Most common technical questions
These are the questions every IB candidate must answer cleanly. Each one has a dedicated guide — this is the punchline preview.
- Walk me through the three financial statements. Income statement → profitability over a period. Balance sheet → snapshot of assets, liabilities, equity at a point in time. Cash flow statement → reconciles net income to actual cash via operating, investing and financing.
- If depreciation goes up by $10 (35% tax), walk me through the three statements. IS: EBIT down $10, taxes down $3.50, NI down $6.50. CF: NI down $6.50, +$10 D&A → cash up $3.50. BS: PP&E down $10, cash up $3.50, retained earnings down $6.50 — balances.
- Walk me through a DCF. Project unlevered FCF for 5–10 years, calculate terminal value (Gordon growth or exit multiple), discount everything at WACC, sum to get enterprise value, bridge to equity value by subtracting net debt.
- What are the main valuation methodologies and which gives the highest value? Trading comps, precedent transactions, DCF, and (for sponsor processes) LBO. Precedents usually highest — they include control premium and synergies. Trading comps usually lowest — minority public stakes.
- What makes a deal accretive or dilutive? Compare after-tax cost of acquisition financing to the target's earnings yield (1 / forward P/E). Higher target earnings yield → accretive to EPS.
- Difference between enterprise value and equity value. Equity value is value to shareholders. EV is value to all capital providers — equity + debt − cash + minority interest + preferred. EV is capital-structure-neutral; equity value is not.
Behavioral questions that decide offers
Behavioral questions decide most offers. Bankers want signal on three things: drive, fit and judgment. Have a one-minute and a three-minute version of every story.
- Walk me through your resume. Two minutes, chronological, motivated by a thread that ends pointing at investment banking. Each transition explains the why, not just the what.
- Why investment banking? Avoid clichés ("steep learning curve"). Reference a specific deal, a conversation with a banker, or a concrete piece of modeling/execution work that mapped to your strengths.
- Why this bank? Why this group? Recent deals, group culture, sector specialization, conversations you've had. Generic answers are disqualifying — this is researchable.
- Tell me about a time you failed. Real failure with a measurable cost. Take ownership without blaming others. End with the specific behavior change that came out of it.
- Tell me about a time you led a team.

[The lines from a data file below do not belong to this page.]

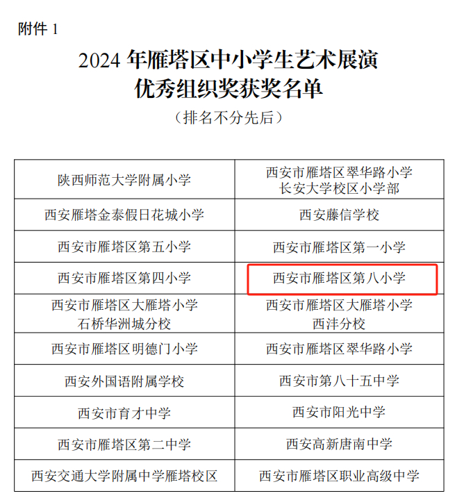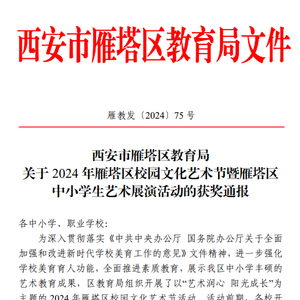 阳光讯(记者 杨小娟)近日,2024年雁塔区校园文化艺术节展演活动获奖结果揭晓,西安市雁塔区第八小学(简称:雁塔八小)荣获2024年雁塔区中小学艺术展演优秀组织奖。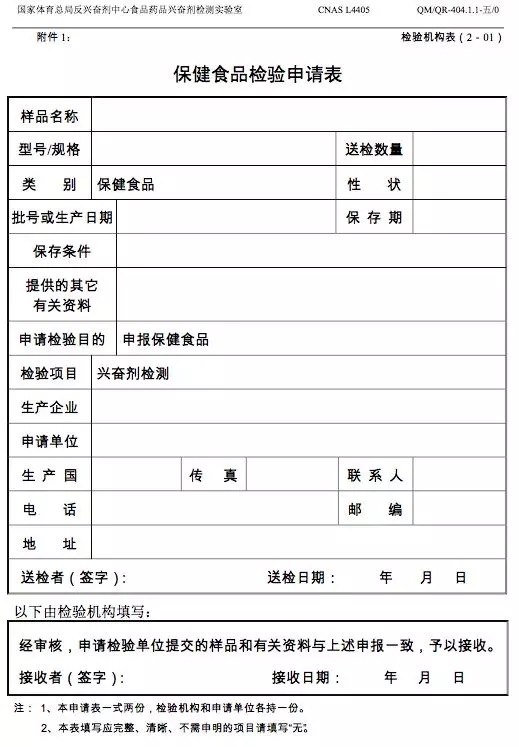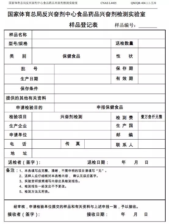 (二)《保健食品檢驗(yàn)申請(qǐng)表》(見(jiàn)附件二)和《國(guó)家體育總局反興奮劑中心食品藥品興奮劑檢測(cè)實(shí)驗(yàn)室樣品登記表》(見(jiàn)附件三)的填寫(xiě)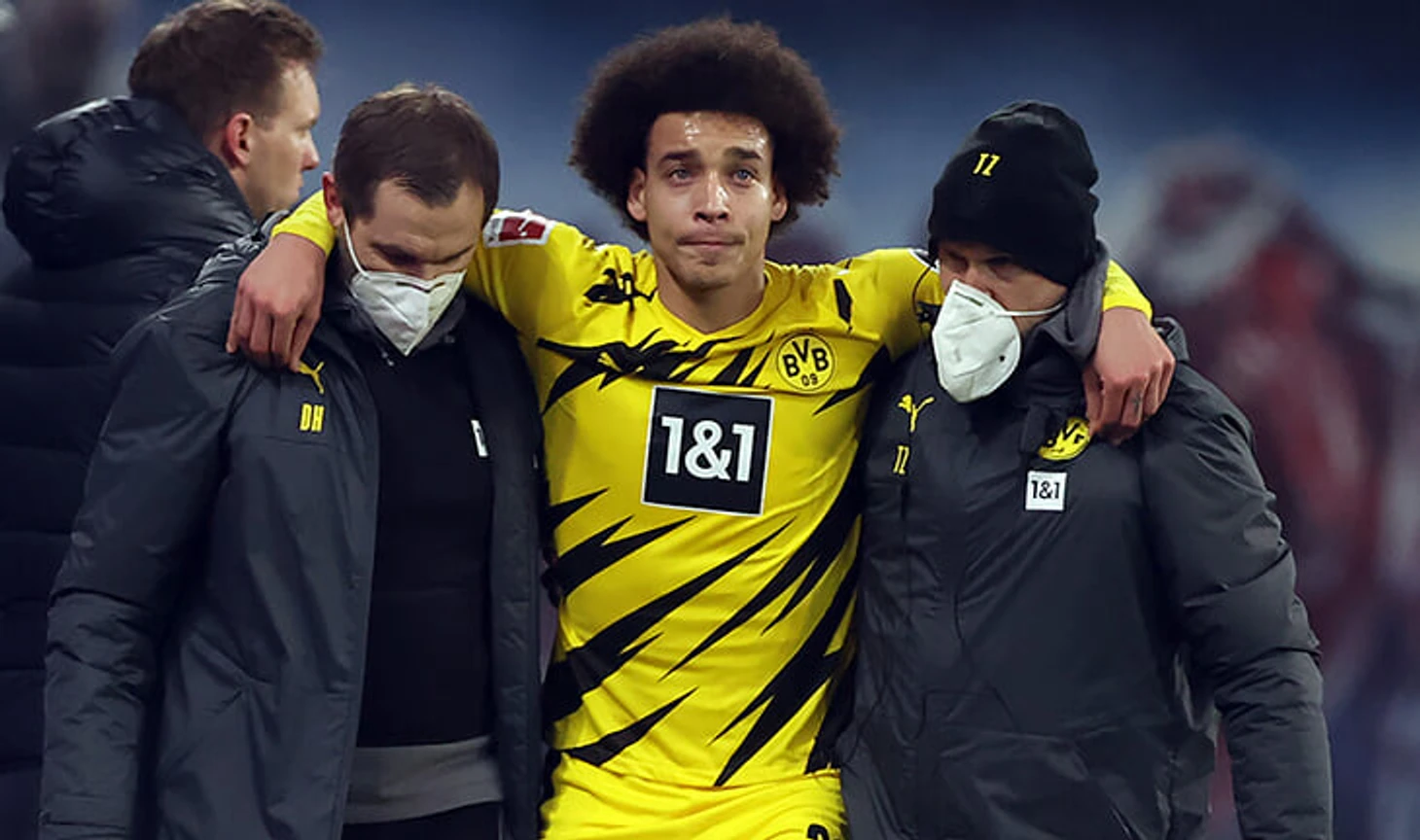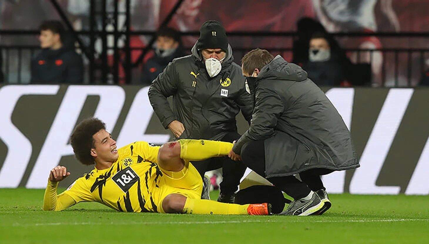 9 января 2021 года. Дортмундская «Боруссия» играет с «Лейпцигом», на 28-й минуте Витцель безо всякого контакта падает на газон и держится за ногу.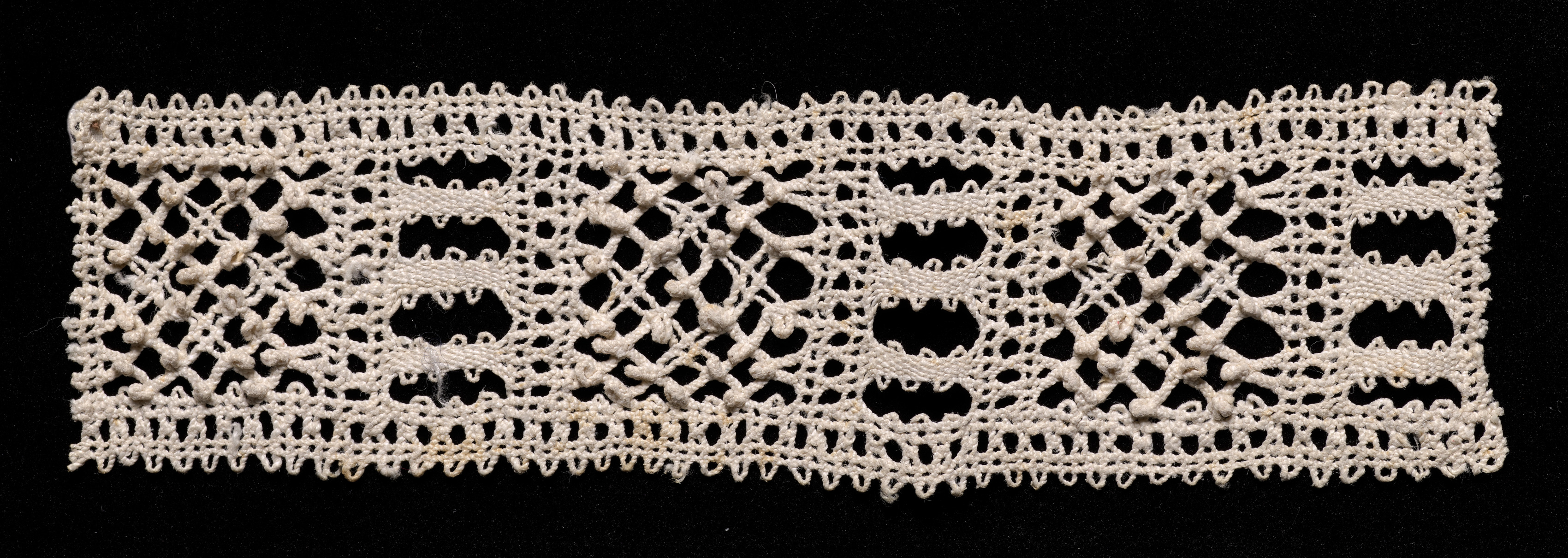 Rectangular piece of white bobbin lace with intricate design. The lace is made up of interlocking loops and stitches. Top and bottom edges have a repeating pattern of small loops. The main body of the lace features a repeating design of four rounded rectangular shapes. The background of the image is solid black. The lace appears to be made by artist associated with "Bobbin Lace Insertion".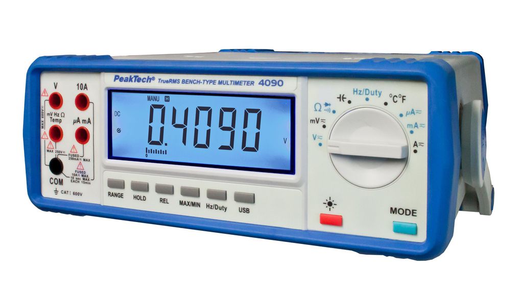 This is Bench Digital Multimeter 10A ac Max 10A dc Max 600V ac Max manufactured by PeakTech. The manufacturer part number is P4090. The product has an absolute maximum 10a dc current measurement . It features a remarkable digital display. Additionally, it has an absolute maximum 600v ac voltage measurement . While it has p4090 of model number. It has a standard bench type multimeter . Moreover, it has an absolute maximum 0.22v dc voltage measurement . It has an absolute maximum 10a ac current measurement . Additionally, it has an absolute maximum capacitance measurement of 22mf . Whereas, the absolute maximum temperature measurement is +1000°c . Moreover, it has an absolute maximum 220mω resistance measurement . Moreover, it has an ac current, ac voltage, battery test, dc current, dc voltage, diode, resistance, temperature functions measured .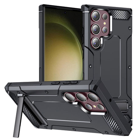 Samsung Galaxy S23 Ultra Tough Plastic Case with Metal Kickstand - Black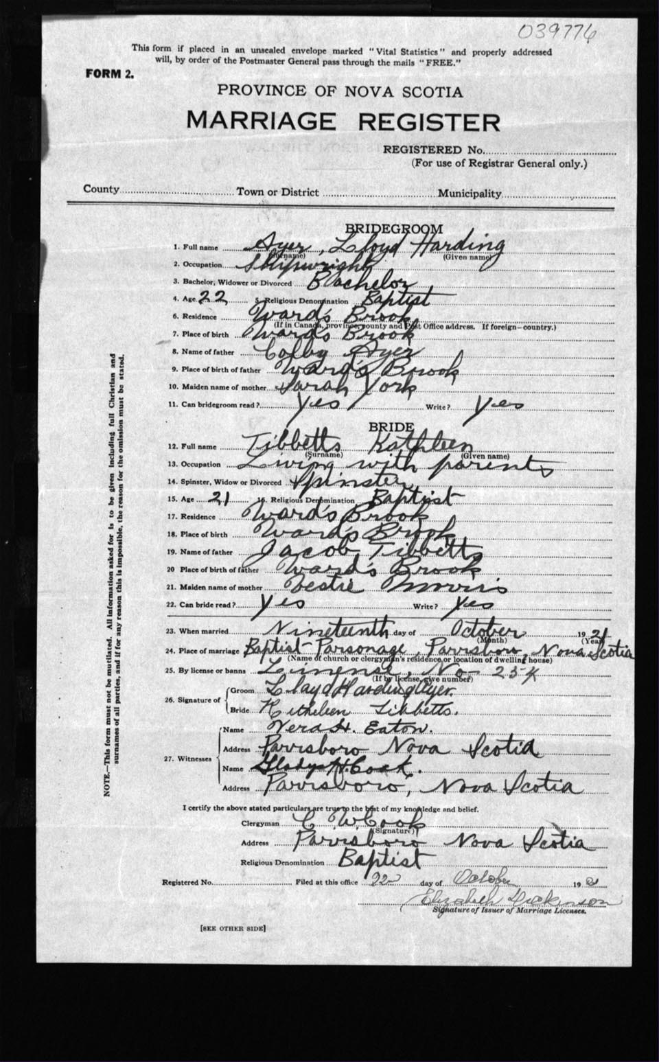 Registration: Year: 1921 number: 39776
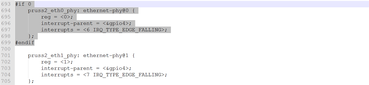 目前我司方案采用RGMII0作为与电脑相连的主网口,PRU2-MII1作为ECAT主站网口。但目前提供的ECAT驱动中绑定了PRU2-MII0与PRU2-MII1,
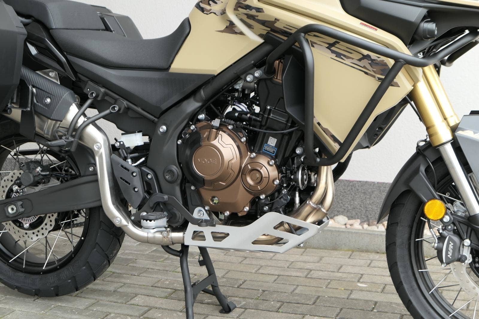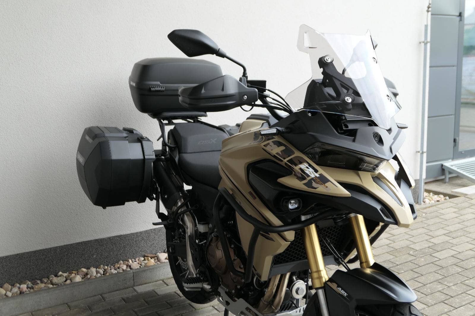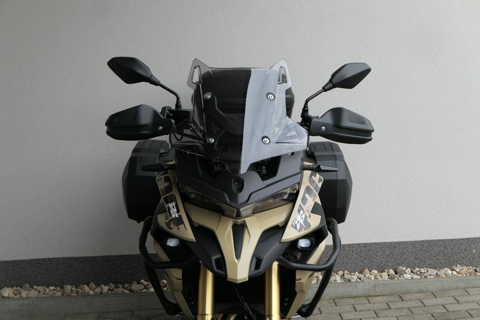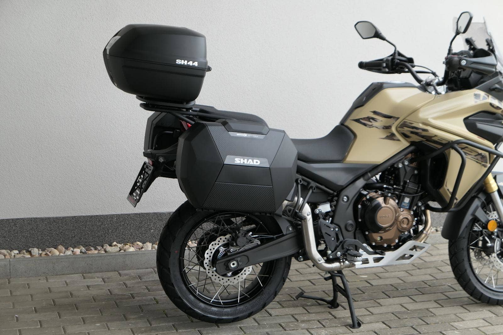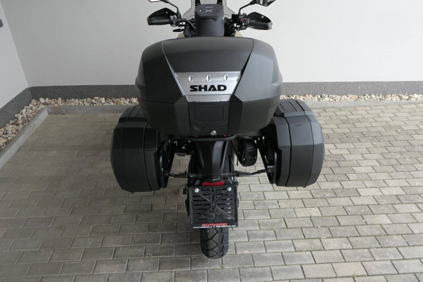 Těšit se můžeš taky na plexi, který si z místa řidiče bez nářadí nastavíš do dvou poloh. Oceníš i hliníkovej kryt motoru, LED světla včetně přídavnejch bodovek, boční i středovej stojan a hafo další výbavičky. Jo, a nově mám taky podsvícený ovladače na řídítkách, takže už žádný tápání ve tmě.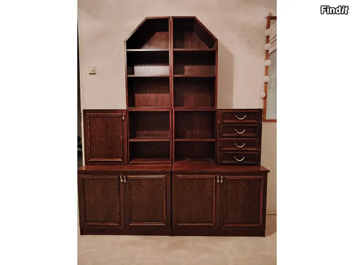 Bokhylla med måtten 160 cm lång, 41 cm bred å 190 cm hög säljes som obehövlig. Finns i Kalax.

Situation, tension, your specific decision, the trade-off, and the outcome. Bankers want judgment under ambiguity — not titles.
Common mistakes candidates make
Patterns we see kill more offers than weak technicals do.
- Memorizing scripts instead of internalizing the underlying logic — interviewers always push, and scripts collapse the moment they do.
- Giving the textbook DCF walkthrough without a punchline. Lead with the enterprise value you got, then explain how.
- Confusing equity value and enterprise value mid-answer. Pick the right one for the question and stay consistent.
- Behavioral stories that are too long, too vague, or lack a specific decision the candidate made.
- Not knowing recent deals the bank or group worked on. This is researchable.
- Underestimating the energy test — bankers want to see hunger, not exhaustion. Sleep before superdays.